Anyone who doubts Butler’s genius should pick up the first Butler novel or short-story collection at hand and begin reading. You will be hooked, not merely by Butler’s honed-to-perfection prose, but by her fiction’s uncanny ability to alter perspectives so gradually that, before realizing it, you are enmeshed in invented landscapes so satisfyingly well-imagined, so scrupulously thought-out, so remarkably detailed, and so painstakingly real (even when set on other planets or in the far future) that they never let you go, certainly not between sittings, and not even when you finish. Butler’s premises, plots, characters, and imagery will stay with you for years or, as in my case, decades. You never quite stop thinking about a Butler story because no one else has ever made you think about the past, the present, and the future as she does.
You never quite stop thinking about a Butler story because no one else has ever made you think about the past, the present, and the future as she does.
My advice is always to begin at the beginning, with “Crossover,” before chronologically marching through Butler’s bibliography. Yet I rarely take this advice, for whenever I teach Butler’s fiction (meaning, every semester), I begin with her Hugo- and Nebula-award-winning novella Bloodchild. This tale of Gan, a boy living on an extrasolar planet whose indigenous dominant species, the Tlic, confine all human beings to an area called “the Preserve,” always shatters my students’ expectations about what science fiction is, what it can be, and even what it should be.

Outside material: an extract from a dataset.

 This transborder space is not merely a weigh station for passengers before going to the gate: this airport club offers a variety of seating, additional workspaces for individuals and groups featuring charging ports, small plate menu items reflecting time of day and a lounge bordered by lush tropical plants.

The premise? Gan and his family (his mother Lien, his older brother Qui, and his younger sister Xuan Hoa) live in the Preserve under the protection of T’Gatoi, the Tlic government representative who helped found this fenced- and walled-off area. Gan and his relatives, forbidden by Tlic law to possess firearms, are descendants of the first human visitors to this unnamed planet, living several generations after their human ancestors—known as Terrans—arrived on the Tlic homeworld as refugees from slavery and oppression on Earth. This complicated history makes Bloodchild a far subtler story than the run-of-the-mill coming-of-age tale it may first appear. As if emphasizing this initial impression, Butler begins Bloodchild with Gan, the novella’s first-person narrator, announcing in its opening line, “My last night of childhood began with a visit home.”3 What could be more conventional than this declaration, which promises readers that a standard-issue American bildungsroman awaits? Yet Butler constructs these expectations only to demolish them in the next sentence: “T’Gatoi’s sister had given us two sterile eggs.”4 This character’s unfamiliar name—so alien that at least three possible pronunciations suggest themselves—and the reference to sterile eggs are the first clues that Butler weaves a more knotted narrative skein than readers might expect.

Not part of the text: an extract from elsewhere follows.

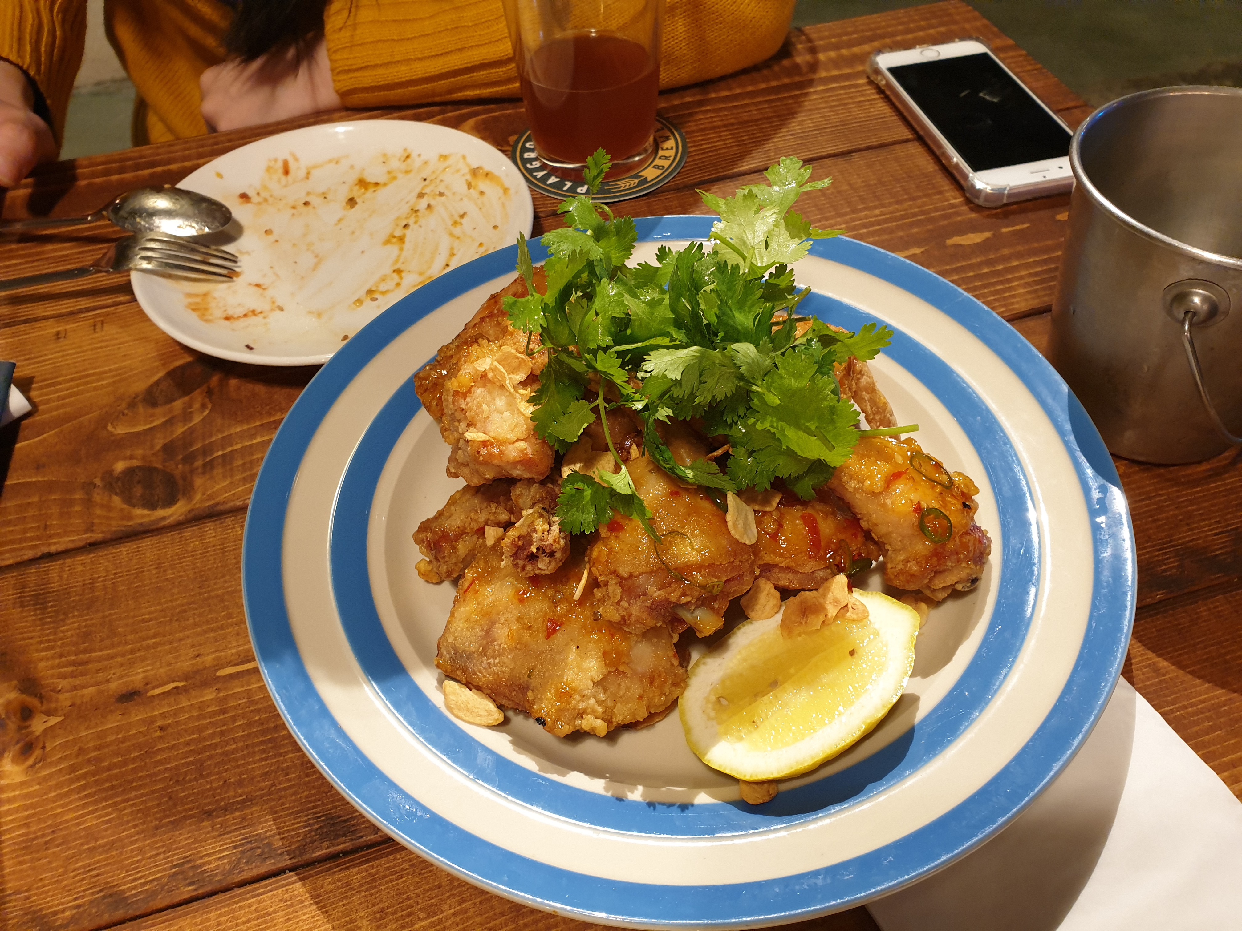 이렇게 고수 듬뿍 얹은 치킨이 나오더라구요. 고수 싫어하시면 고수는 살짝 옆으로 옮겨두고 드시면 돼요.

Bloodchild, indeed, slowly reveals that Gan must choose whether or not to become the host for T’Gatoi’s offspring, which will be implanted into his blood-rich body as small maggots that will grow into large grubs, after which T’Gatoi will remove them in a surgical procedure similar to a Caesarian section. The eggs that the Tlic give to their Terran “guests” are sterile only in the sense that they preserve human beings far beyond their natural lifespans so that, by remaining sexually vital, the men serve as hosts for Tlic young while the women ensure that the Terran population survives. This relationship does not strike Gan as strange, or even noteworthy, until he witnesses a man named Bram Lomas in terrible distress because the Tlic grubs implanted in his body begin eating their way out of his flesh, forcing T’Gatoi to cut them from Lomas in an emergency procedure that Gan witnesses.

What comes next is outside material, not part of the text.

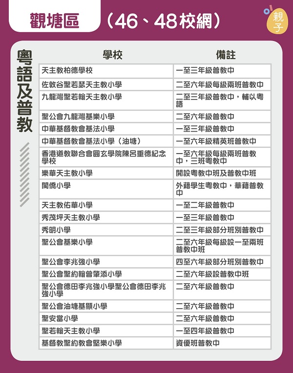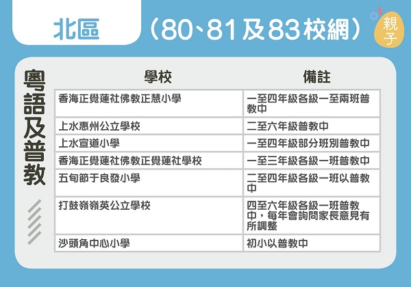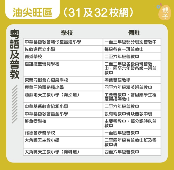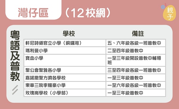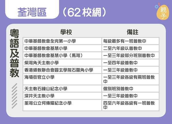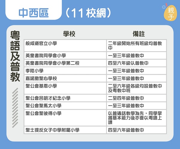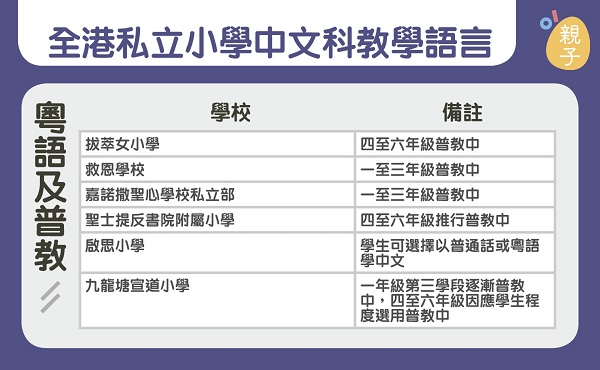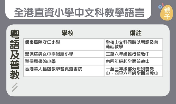記者逐一向全港所有直資、私立、資助及官立小學(xué)查詢各校中文科教學(xué)語言,以下是以粵語及普通話同時教學(xué)的小學(xué)名單:

Gan, disgusted by the sight of Lomas sliced open by T’Gatoi’s claws, realizes just how different she and all Tlic are. Bloochild variously describes T’Gatoi as a large creature with “yellow eyes,”5 “a long, velvet underside”6 whose “three meters of body … had bones—ribs, a long spine, a skull, four sets of limb bones per segment,”7 and a tail that “was an efficient weapon whether she exposed the sting or not”8 to suggest that the Tlic are a giant combination of mammal, centipede, and scorpion whose reproductive practices are as alien as their culture. Butler eschews traditional exposition in this novella, instead parceling out information in short passages of narration and dialogue that, by Bloodchild’s conclusion, becomes vividly hallucinatory.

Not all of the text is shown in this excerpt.